BG: Yeah. Because he was classical, at the same time that he played modern romantic tangos. Oh the tangos sounded fabulous in that organ. He maneuvered that thing beautifully. As big as that organ was, as big as one that you can see in the church, because it has different levels…so you can imagine. Little home made out of bricks…it wasn’t bricks, but it was blocks, the big thing, so you know everything went just [laughing]. Yeah.
ML: Easy way to wake the kids.
BG: Oh. No, my friend just loved him. He was very good with this. Yeah.
ML: Was that the only instrument he played?
BG: No, he played classical guitar, also. And in his childhood, he played the violin, but in Mexico it was accordion, the organ, the guitar. But before the organ, the guitar and the accordion more, and then at one point I think he…is it around the ‘60s, that organ, people were making organ ‘talk’, you know with music, so he went into that. He enjoyed it. It was good exercise: you have to use both of your legs, both of your feet, and your hands. And he was good, he was good at it. And all of the stuff he was able to play in the guitar, he played in the organ because you can change the instrument. And that was good.
(12:41)
ML: So you lived in the suburbs of Mexico City until you were in your teens?
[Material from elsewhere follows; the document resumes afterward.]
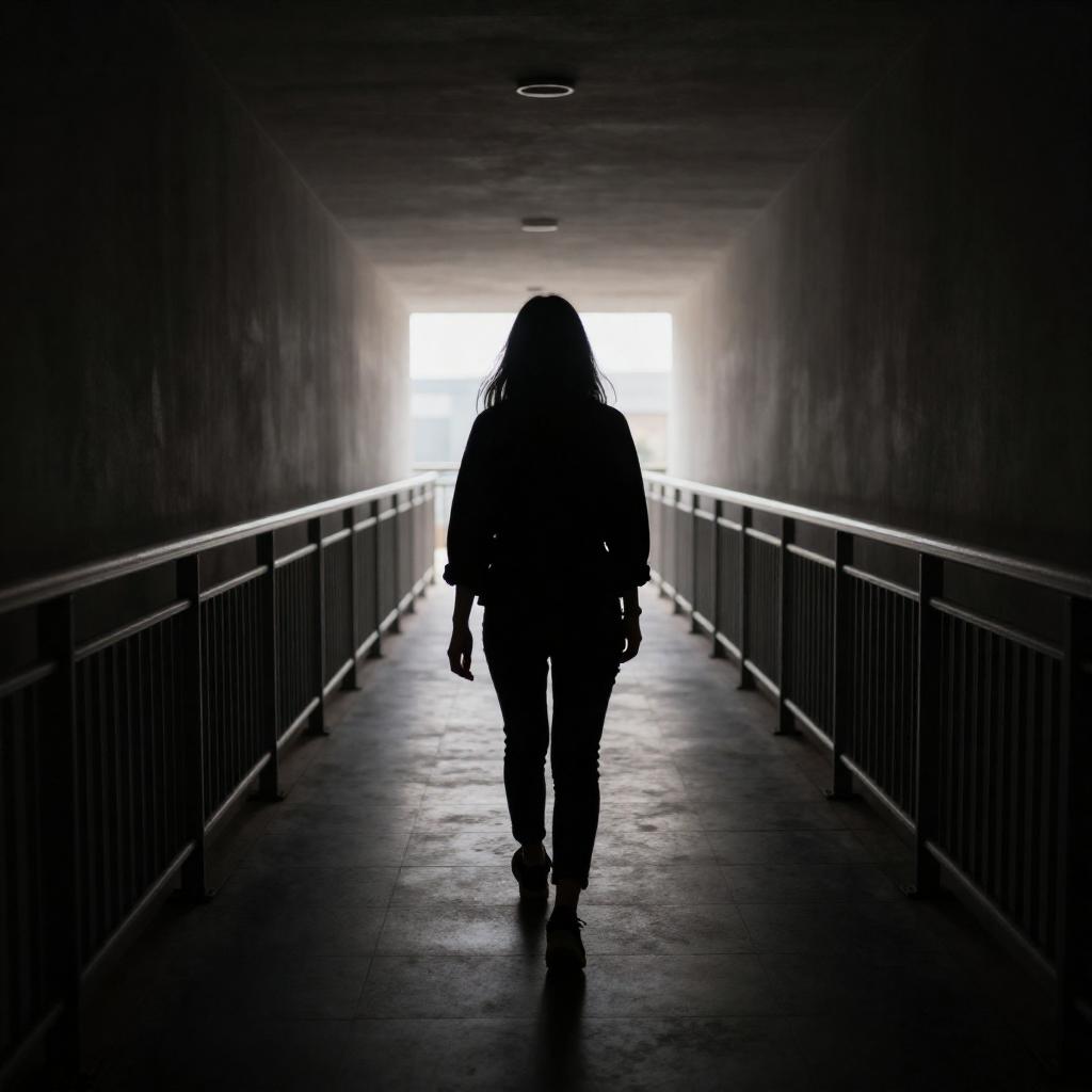 Silhouetted person with long hair, wearing dark clothing, walks down a long, dark, illuminated hallway with metal railings on both sides. Bright light at the end. Corridor extends into the distance. Person's back facing camera.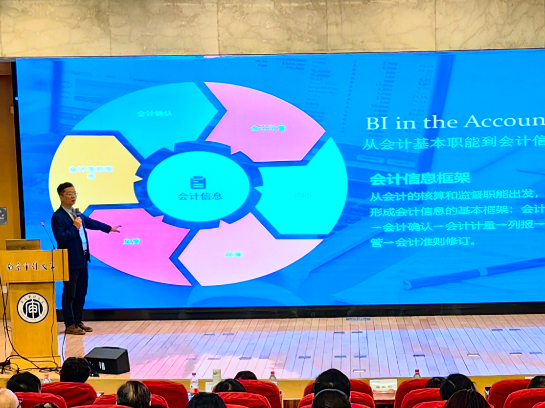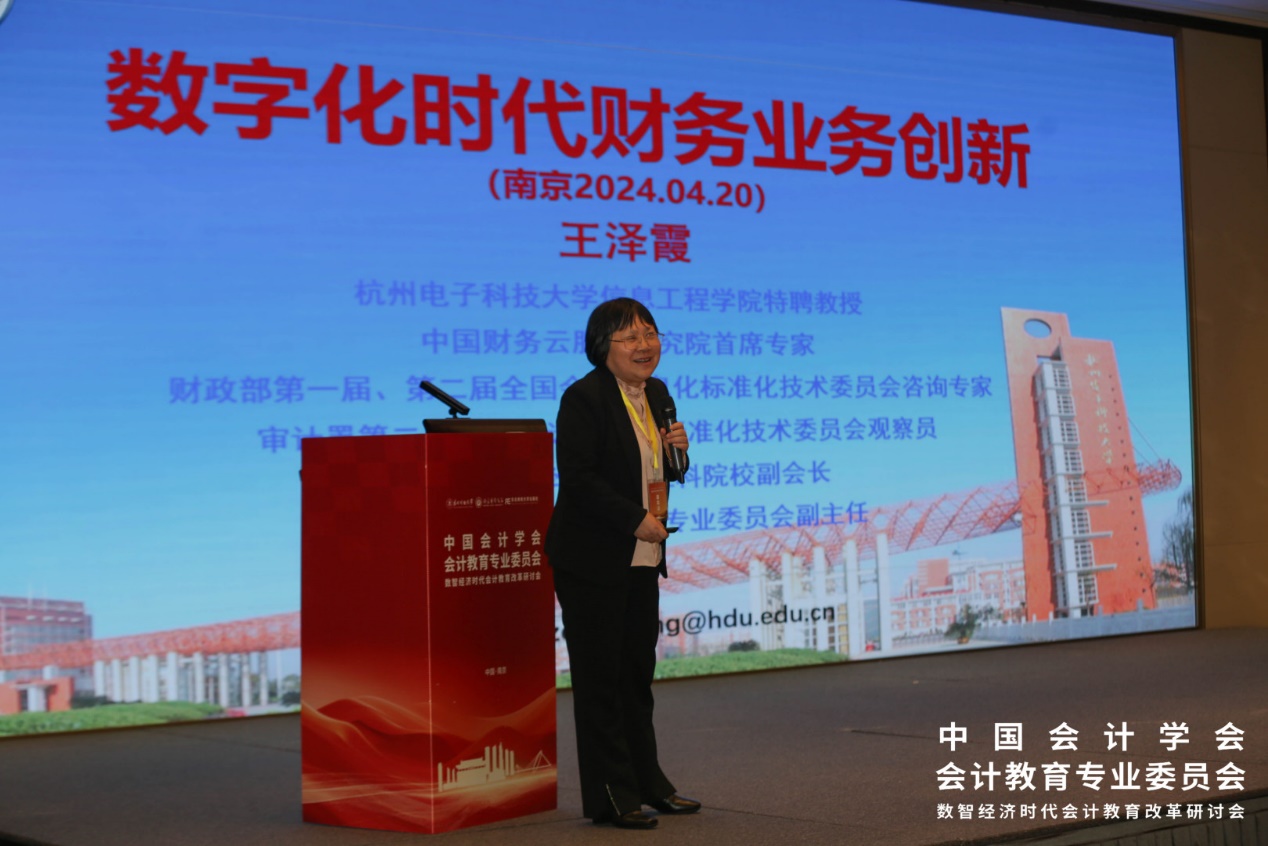 杭州电子科技大学王泽霞教授以《数字化时代财务业务创新》为题,指出数字化时代财务业务创新的关键点在于管理活动中的风险控制,企业可以通过全面预算管理来优化风险控制以确保权益;企业数字化转型带来的新技术也重新定义了数据采集和处理方式,推动了产业生态的巨大变革。提出以“平台+案例”的形式,搭建数智商业全景,培养复合型数智人才。

BG: Until I was nineteen, when I came to the United States.
ML: Ok. Where did you move to when you moved to the United States? Did you come straight to Chicago?
BG: New York.
ML: Ah. What brought you to New York?
BG: My mother was living in New York.
ML: Ok. New York City or New York State?
BG: New York City. Manhattan.
ML: Manhattan?
BG: Next to Broadway [laughs].
ML: And at nineteen that must have been very exciting.
BG: Um, well…a nineteen year old coming from Mexico City, or Mexico, it was not that exciting. It was scary. It was very scary.
(13:32)
ML: Why do you say it was scary?
ML: So why was it scary moving to New York?
BG: Um, it was amazingly crowded, in Manhattan, especially, especially around Broadway. In West End. Although we had…first of all, when we arrived, we arrived and my mom received us in a Residence Hotel. And the first thing that was interesting to me and I didn’t like was that we had to go out whether it was very cold, snowing or not, about three times a day. Because somebody had put cigarette butt on one of the receptacles, and caused a fire. Or smoke. And since they didn’t know where the smoke was coming from, everybody has to get out. And in Mexico, I don’t remember even hearing that we had fires. I don’t remember ever [laughing], so it was very new to me.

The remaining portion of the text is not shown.